Most programs, of course, have more then one instruction. With a 20 stage pipline one instruction takes 20 cycles to run, but you can also perform 19 other instructions along with it... depending on how many excicution units you have along with it.
The p4 has two ALUs, each running at twice the clock speed of the rest of the CPU. (in contrast, the athlon has 4 regular speed ALUs). So in actualy, you'd be able to run 80 or so instructions in that 20 clock cycles.
Integer multiplies are actualy performed by the floating point system, IIRC, rather then by the ALU, so they won't be as fast as addition and subtraction.
The chip IBM is making is a mips based chip, and takes fewer cycles to perform all its instructions. It also has a _ton_ more registers, which means you can perform significant operations without going to or from memory.
IBM is not making a mips chip, moron. They are making a Power PC chip. the p4 has only 8 general purpose 32 bit registers, but in addition has 8 80 bit floating point registers, 8 64bit integer SIMD registers and 8 128 bit floating point/vector SMID registers.
MIPS only has 32 general purpose registers, and although they can be used however you want, several of them are 'reserved' for the stack, and things like that. Also the first register is always zero, and you can't store anything in it. So in actuality, MIPS chips have fewer registers then Intel chips. PPC chips on the other hand do actually have more registers then Intel chips though, with 32 general-purpose registers, 32 floating (64 bit?) point registers, and 32 128 bit vector SMID registers.
This doesn't really help your argument, though: Reading or writing a number to memory is about 100 times slower than an arithmatic instruction.
it's true that reading from memory takes a long time, and that's why modern CPUs don't do it very often. They use these things called "caches" you know? The vast, vast majority of memory access doesn't actually need to hit ram.
But to use those coprocessors, you have to go into modes like mmx. And bolted on extra instructions like mmx have restrictions on them, like not being to do mmx and floating point math at the same time.

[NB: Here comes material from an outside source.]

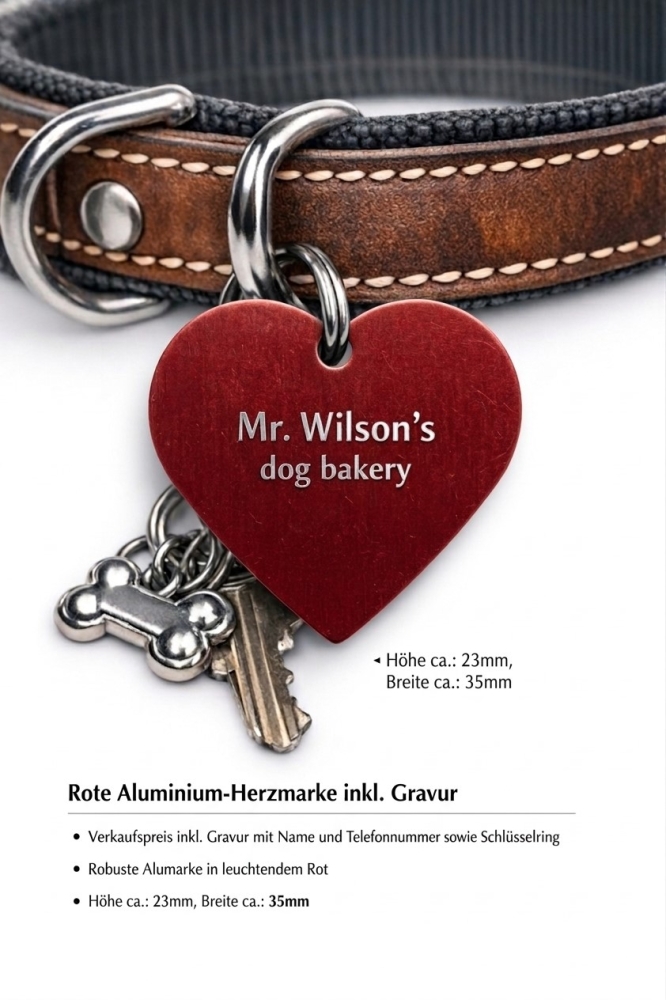 In leuchtendem Rot und mit individueller Gravur ist sie perfekt, um deinen Vierbeiner,

No, I was talking about using floating point math for integers larger then 32 bits, rather then splitting 64 bit ints up into 32 bit chunks and adding them with carry (which takes more then two instructions). MMX doesn't allow 64bit int math, as far as I know, but rather allows you to sacrifice floating-point math for accelerated 8, 16, and 32 bit math. It's always interesting in that Mac fans seem to think that Intel chips suddenly lost the ability to do integer math and floating point math at the same time when they gained MMX.
Anyway, that's really beside the point due to the fact that, as you can see, MMX no longer uses the floating-point registers.
For the future, 64-bit is the way to go, and x86 is not. I think one of these IBM processors will be the ideal linux machine. (It'll be low power too, so I won't need a hairdrier-loud fan like I do with my athlon
since when are those separate things?
Might not hurt to learn a thing or two about how computers work before opening your mouth.
autopr0n is like, down and stuff.
Sure there are. Sun Ultrasparc IIe's are consumer priced and fully 64-bit. You can pick up a full system for just around $1k. They're not the speediest things on the planet, but you just said 64-bit consumer level processor.